**WHAT YOU SHOULD DO:**
Locate the line that contains "18ct White Gold" in the entries below, then repeat it and every following line through the line that contains "山梨の盆地ではこの時期、どこを走っていても桃の花が広がっている。", exactly, and no others.

**THE INPUT:**
Content starts
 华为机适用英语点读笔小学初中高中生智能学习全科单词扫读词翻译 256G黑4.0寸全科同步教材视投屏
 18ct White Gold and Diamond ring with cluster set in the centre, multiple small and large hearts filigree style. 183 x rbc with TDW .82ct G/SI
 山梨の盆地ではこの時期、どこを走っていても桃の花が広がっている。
Content ends
Content starts
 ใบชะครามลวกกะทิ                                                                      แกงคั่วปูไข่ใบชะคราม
Content ends
**ANSWER FOR THE TASK:**
 18ct White Gold and Diamond ring with cluster set in the centre, multiple small and large hearts filigree style. 183 x rbc with TDW .82ct G/SI
 山梨の盆地ではこの時期、どこを走っていても桃の花が広がっている。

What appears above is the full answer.